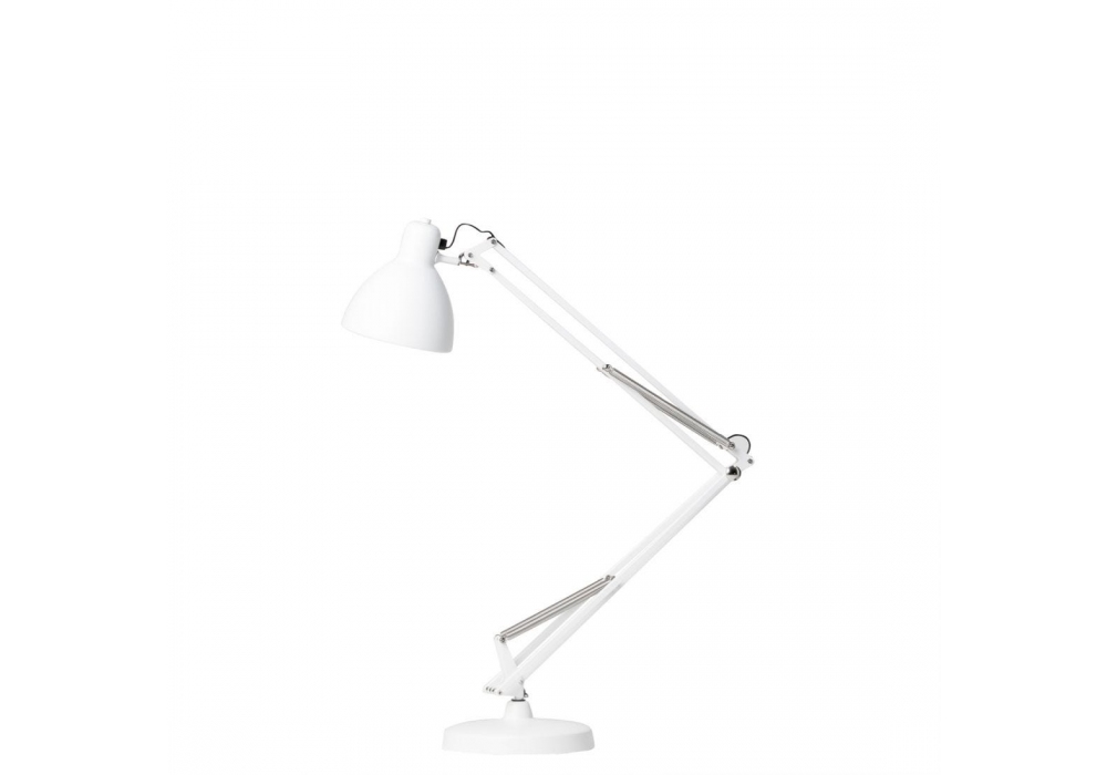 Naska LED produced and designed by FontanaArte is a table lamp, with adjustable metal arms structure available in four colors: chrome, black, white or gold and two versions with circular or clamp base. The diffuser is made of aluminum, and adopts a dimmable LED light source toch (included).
==
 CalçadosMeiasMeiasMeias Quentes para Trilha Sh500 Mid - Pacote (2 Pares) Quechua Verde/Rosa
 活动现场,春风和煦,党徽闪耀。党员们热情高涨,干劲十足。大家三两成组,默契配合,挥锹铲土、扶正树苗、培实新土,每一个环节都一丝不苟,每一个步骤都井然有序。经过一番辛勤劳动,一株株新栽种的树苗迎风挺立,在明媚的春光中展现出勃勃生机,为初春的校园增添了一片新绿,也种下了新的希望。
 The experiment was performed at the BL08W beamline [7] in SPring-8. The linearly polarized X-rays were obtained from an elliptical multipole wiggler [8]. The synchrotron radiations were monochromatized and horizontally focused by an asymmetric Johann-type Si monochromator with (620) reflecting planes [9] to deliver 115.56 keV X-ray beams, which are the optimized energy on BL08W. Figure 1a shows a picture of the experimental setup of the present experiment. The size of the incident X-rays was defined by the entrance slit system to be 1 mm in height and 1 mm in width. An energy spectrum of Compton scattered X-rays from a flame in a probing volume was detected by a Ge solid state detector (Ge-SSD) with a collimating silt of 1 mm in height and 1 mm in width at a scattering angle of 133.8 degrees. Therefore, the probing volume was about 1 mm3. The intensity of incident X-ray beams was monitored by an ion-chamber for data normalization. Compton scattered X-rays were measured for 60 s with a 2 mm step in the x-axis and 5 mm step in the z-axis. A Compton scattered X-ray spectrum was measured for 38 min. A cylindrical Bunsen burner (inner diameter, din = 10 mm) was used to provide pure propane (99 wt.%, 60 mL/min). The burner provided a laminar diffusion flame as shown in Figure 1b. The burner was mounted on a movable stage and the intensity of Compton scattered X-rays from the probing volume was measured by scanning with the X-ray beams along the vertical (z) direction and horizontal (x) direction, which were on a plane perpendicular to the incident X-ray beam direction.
---
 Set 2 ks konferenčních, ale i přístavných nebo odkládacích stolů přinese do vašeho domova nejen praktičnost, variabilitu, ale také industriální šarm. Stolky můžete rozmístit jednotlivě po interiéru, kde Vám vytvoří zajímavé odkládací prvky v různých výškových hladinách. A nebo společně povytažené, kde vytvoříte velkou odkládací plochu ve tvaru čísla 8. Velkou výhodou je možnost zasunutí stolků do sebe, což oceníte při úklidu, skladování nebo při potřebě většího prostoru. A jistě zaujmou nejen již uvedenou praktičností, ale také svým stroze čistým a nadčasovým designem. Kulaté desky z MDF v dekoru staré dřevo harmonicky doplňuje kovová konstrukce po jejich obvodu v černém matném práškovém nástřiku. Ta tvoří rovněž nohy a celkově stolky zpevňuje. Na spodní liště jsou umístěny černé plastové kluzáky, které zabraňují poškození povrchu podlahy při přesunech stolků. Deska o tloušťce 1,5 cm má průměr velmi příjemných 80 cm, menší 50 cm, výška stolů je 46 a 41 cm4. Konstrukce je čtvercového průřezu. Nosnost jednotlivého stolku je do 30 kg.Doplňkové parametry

DESCRIPTION OF THE TASK: Reproduce word for word the material above, beginning with the line that contains "CalçadosMeiasMeiasMeias Quentes para" and ending with the line that contains "活动现场,春风和煦,党徽闪耀".

TASK RESPONSE:
 CalçadosMeiasMeiasMeias Quentes para Trilha Sh500 Mid - Pacote (2 Pares) Quechua Verde/Rosa
 活动现场,春风和煦,党徽闪耀。党员们热情高涨,干劲十足。大家三两成组,默契配合,挥锹铲土、扶正树苗、培实新土,每一个环节都一丝不苟,每一个步骤都井然有序。经过一番辛勤劳动,一株株新栽种的树苗迎风挺立,在明媚的春光中展现出勃勃生机,为初春的校园增添了一片新绿,也种下了新的希望。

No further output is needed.